EXERCISE INSTRUCTIONS:
Look below for the line containing "Another benefit of" and the line containing "Opgrader dit juletræ", then set down both and every line between them exactly, without pictures.

GIVEN RECORDS:
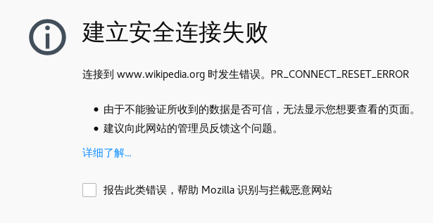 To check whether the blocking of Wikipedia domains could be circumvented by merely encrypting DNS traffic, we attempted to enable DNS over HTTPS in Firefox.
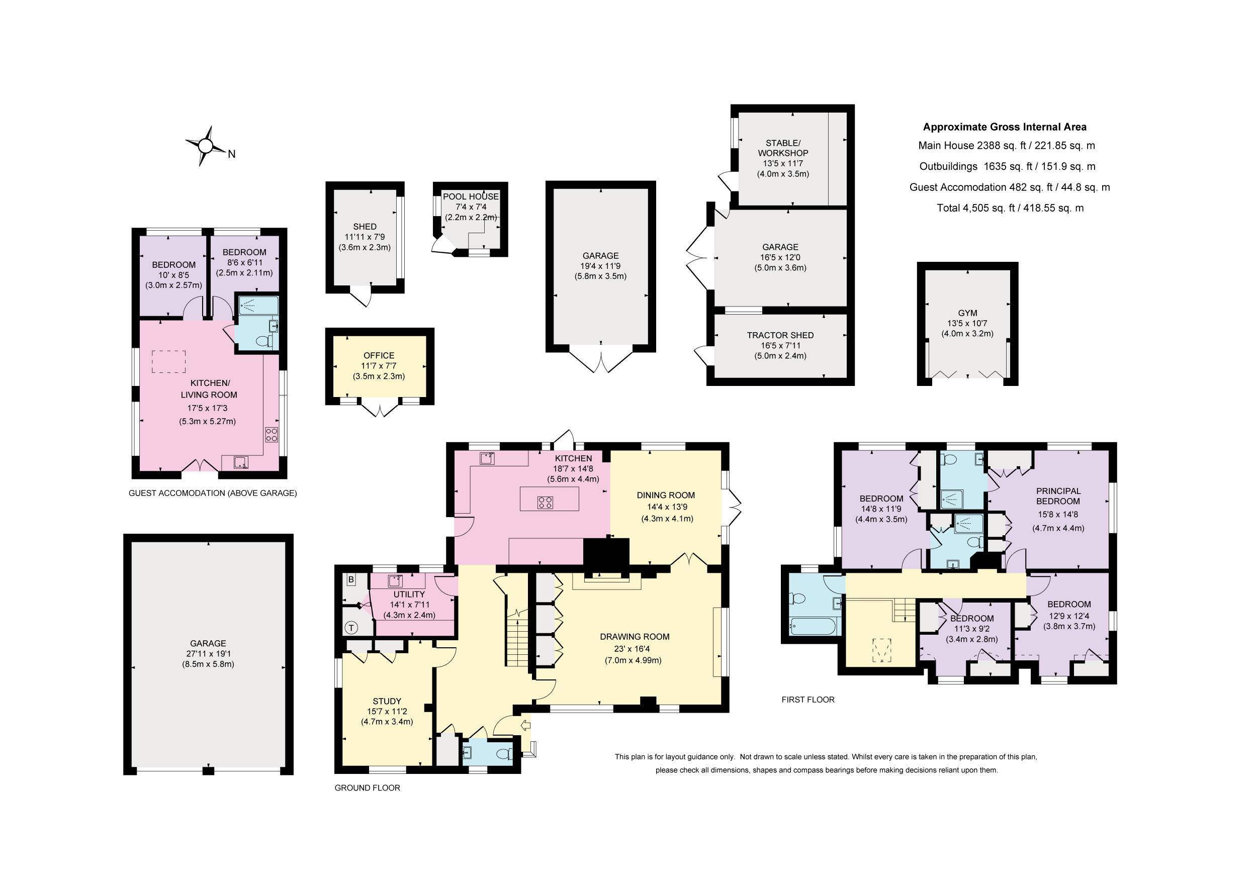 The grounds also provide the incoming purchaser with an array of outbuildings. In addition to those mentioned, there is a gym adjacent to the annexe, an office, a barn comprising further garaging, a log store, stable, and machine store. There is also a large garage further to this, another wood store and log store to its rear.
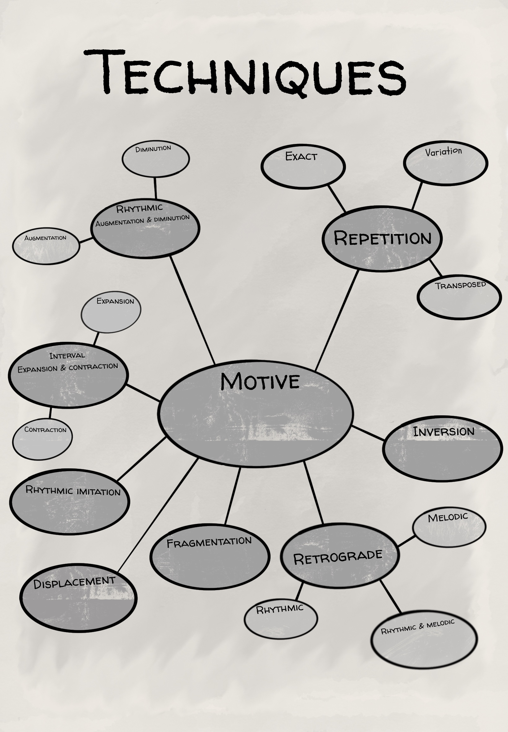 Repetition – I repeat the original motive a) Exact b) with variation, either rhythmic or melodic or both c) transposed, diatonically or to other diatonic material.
==
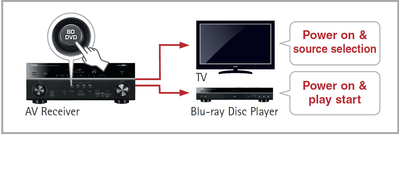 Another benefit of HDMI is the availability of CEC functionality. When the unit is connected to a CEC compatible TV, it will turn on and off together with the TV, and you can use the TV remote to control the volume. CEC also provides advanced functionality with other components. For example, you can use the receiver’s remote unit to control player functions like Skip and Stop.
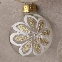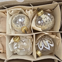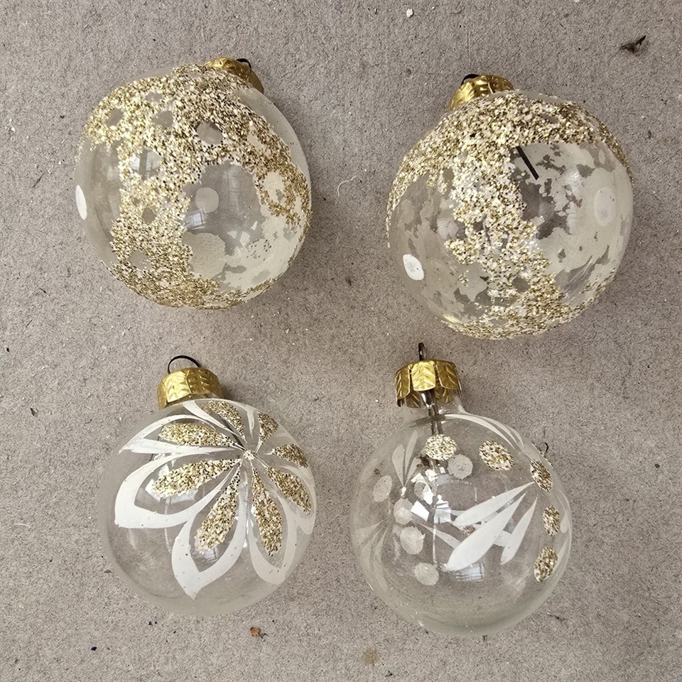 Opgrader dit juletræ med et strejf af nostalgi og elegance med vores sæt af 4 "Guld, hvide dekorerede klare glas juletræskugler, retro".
--
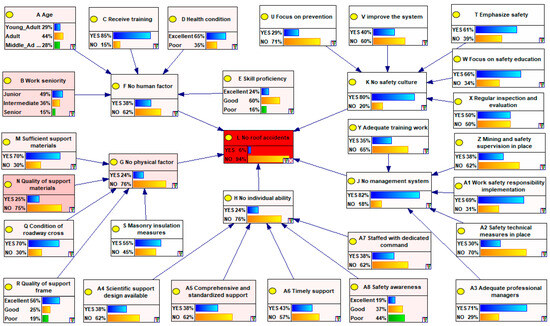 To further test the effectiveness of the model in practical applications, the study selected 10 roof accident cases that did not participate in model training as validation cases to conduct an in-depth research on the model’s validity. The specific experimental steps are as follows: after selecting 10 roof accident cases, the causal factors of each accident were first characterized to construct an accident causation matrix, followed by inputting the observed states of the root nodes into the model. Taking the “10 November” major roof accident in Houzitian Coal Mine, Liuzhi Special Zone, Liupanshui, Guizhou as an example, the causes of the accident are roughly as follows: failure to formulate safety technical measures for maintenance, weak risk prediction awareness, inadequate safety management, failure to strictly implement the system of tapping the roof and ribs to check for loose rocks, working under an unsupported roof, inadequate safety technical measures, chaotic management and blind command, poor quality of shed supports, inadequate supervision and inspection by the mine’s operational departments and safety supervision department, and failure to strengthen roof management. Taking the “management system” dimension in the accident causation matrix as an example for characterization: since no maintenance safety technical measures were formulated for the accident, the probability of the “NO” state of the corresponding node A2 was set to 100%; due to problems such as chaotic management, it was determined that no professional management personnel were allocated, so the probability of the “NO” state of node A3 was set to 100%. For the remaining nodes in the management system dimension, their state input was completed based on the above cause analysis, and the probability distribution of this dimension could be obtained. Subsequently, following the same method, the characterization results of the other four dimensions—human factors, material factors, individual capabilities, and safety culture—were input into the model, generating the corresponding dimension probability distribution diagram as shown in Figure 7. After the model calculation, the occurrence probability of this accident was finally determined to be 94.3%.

OUTPUT BELOW:
 Another benefit of HDMI is the availability of CEC functionality. When the unit is connected to a CEC compatible TV, it will turn on and off together with the TV, and you can use the TV remote to control the volume. CEC also provides advanced functionality with other components. For example, you can use the receiver’s remote unit to control player functions like Skip and Stop.
 Opgrader dit juletræ med et strejf af nostalgi og elegance med vores sæt af 4 "Guld, hvide dekorerede klare glas juletræskugler, retro".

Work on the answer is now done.